Big Data and Hadoop Viva Question
Big Data and Hadoop Viva Question
What you’ll Learn:
- Key issues in big data management and its associated applications for business decisions and strategy.
- Develop problem solving and critical thinking skills in fundamental enabling techniques like Hadoop, Mapreduce and NoSQL in big data analytics.
- Interpret business models and scientific computing paradigms.
- Perspectives of big data analytics in various applications.

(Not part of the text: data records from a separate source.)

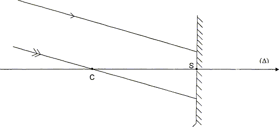 Un miroir sphérique permet de concentrer la lumière d'une source sur la préparation posée sur la platine. Soit (D) l'axe optique principal du miroir et C son centre. En justifiant la réponse, placer sur la figure son foyer principal F. Compléter sur cette figure, la marche des rayons lumineux provenant d'une source lumineuse qui éclaire le miroir. Le foyer est au milieu du segment CS.
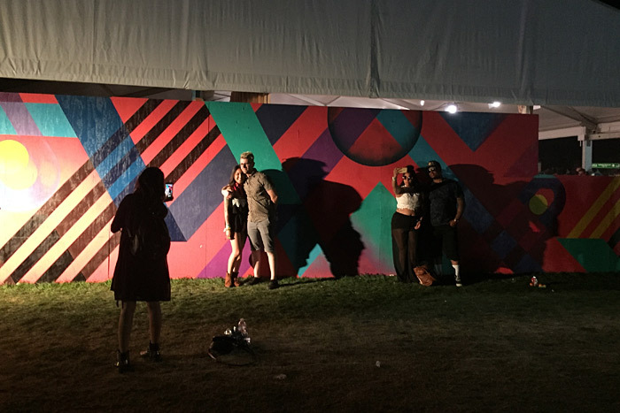 40X80英尺的帳篷中有一間有360度沙漠布景和綠屏背景的房間,客人可以與燈光、視頻內(nèi)容,風(fēng)力效果進(jìn)行互動(dòng),并錄制一段可供分享的視頻。在成年人帳篷區(qū)為21歲以上的客人提供啤酒,如同在一個(gè)私家花園里,上方懸掛著燈串,四周有籬笆環(huán)繞。像壁畫一樣的街頭藝術(shù)裝飾了巨大的帳篷商店的一側(cè),讓音樂節(jié)的觀眾駐足并拍照。
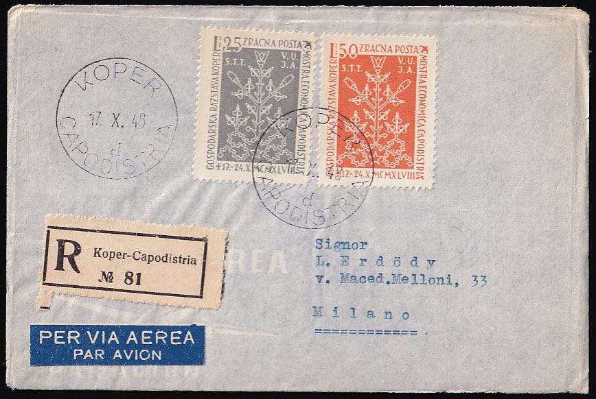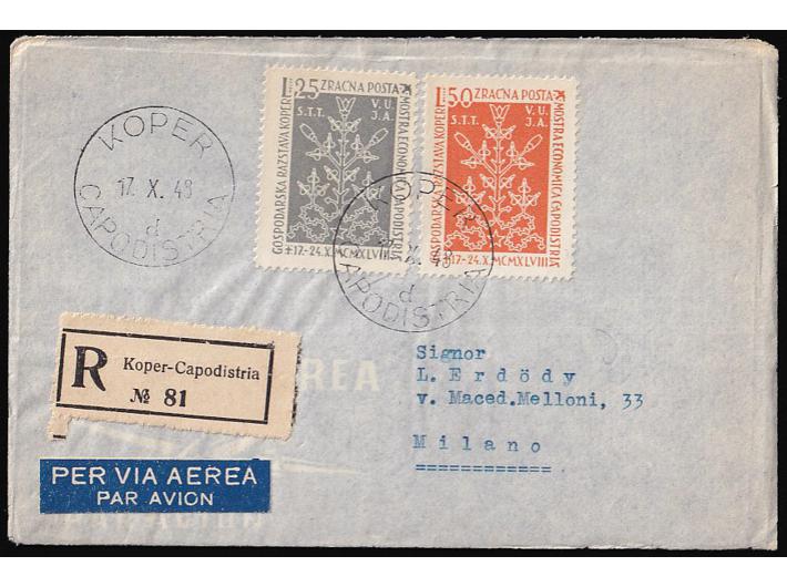 • Preporučeno pismo upućeno iz Kopra u Milano 17.10. 1948.
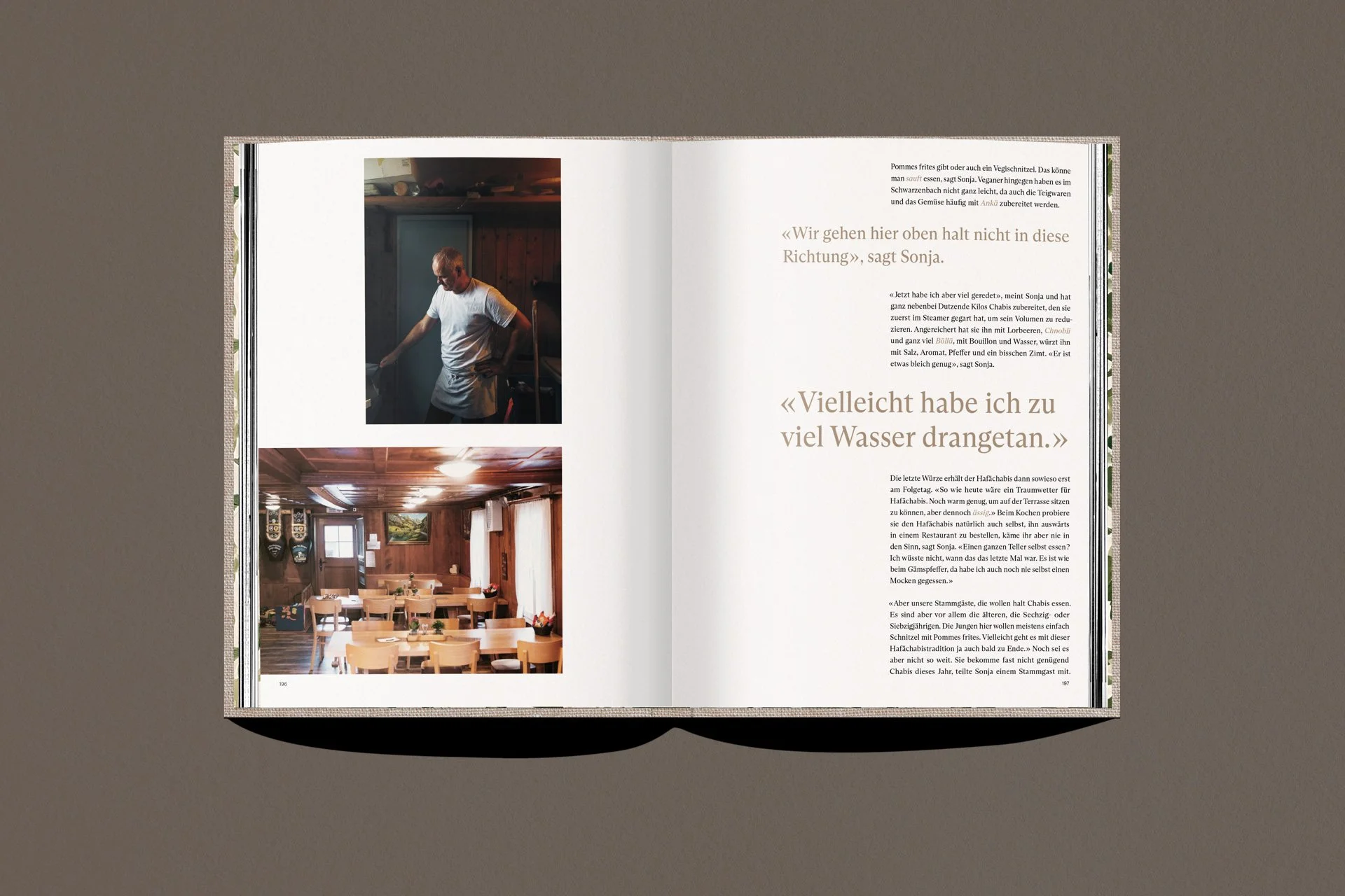 Das Buch setzt auf ein harmonisches Layout, bei dem die Bilder links und der Text rechts angeordnet sind, wodurch ein fliessender Erzählstrom entsteht, der die Leser*innen ohne Unterbrechung mitnimmt und eintauchen lässt. Die grossformatigen, ungestellten Fotografien schaffen eine unmittelbare Nähe zu den Köchinnen und Köchen und lassen ihre Persönlichkeit und die Atmosphäre ihrer Küchen authentisch lebendig werden.
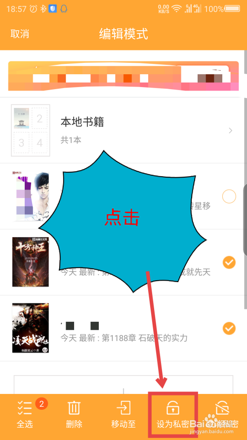 底部会弹出一个操作界面,选择小说后,点击设为隐私。如图所示
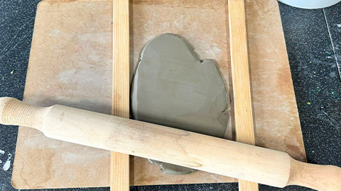 A clay slab is a piece of clay rolled or flattened into a sheet. They can be made by using a rolling pin or slab roller. Wedge a piece of clay and roll out your slab to the desired size. You can use rolling guides to help get an even thickness

Big Data Analytics is semester 7 subject of final year of computer engineering in Mumbai University. Prerequisite for studying this subject are Some prior knowledge about Java programming, Basics of SQL, Data mining and machine learning methods would be beneficial. Course Objectives for the subject Big Data Analytics is to provide an overview of an exciting growing field of big data analytics. To introduce programming skills to build simple solutions using big data technologies such as MapReduce and scripting for NoSQL, and the ability to write parallel algorithms for multiprocessor execution. To teach the fundamental techniques and principles in achieving big data analytics with scalability and streaming capability. To enable students to have skills that will help them to solve complex real-world problems in for decision support. To provide an indication of the current research approaches that is likely to provide a basis for tomorrow’s solutions.
Course Outcomes for the subject Big Data Analytics is that Learner will be able to understand the key issues in big data management and its associated applications for business decisions and strategy. Develop problem solving and critical thinking skills in fundamental enabling techniques like Hadoop, MapReduce and NoSQL in big data analytics. Collect, manage, store, query and analyze various forms of Big Data. Interpret business models and scientific computing paradigms, and apply software tools for big data analytics. Adapt adequate perspectives of big data analytics in various applications like recommender systems, social media applications etc. Solve Complex real world problems in various applications like recommender systems, social media applications, health and medical systems, etc.
Big data is a field that treats ways to analyze, systematically extract information from, or otherwise deal with data sets that are too large or complex to be dealt with by traditional data-processing application software. Data with many fields (columns) offer greater statistical power, while data with higher complexity may lead to a higher false discovery rate. Big data analysis challenges include capturing data, data storage, data analysis, search, sharing, transfer, visualization, querying, updating, information privacy and data source. Big data was originally associated with three key concepts volume, variety, and velocity. The analysis of big data presents challenges in sampling, and thus previously allowing for only observations and sampling. Therefore, big data often includes data with sizes that exceed the capacity of traditional software to process within an acceptable time and value.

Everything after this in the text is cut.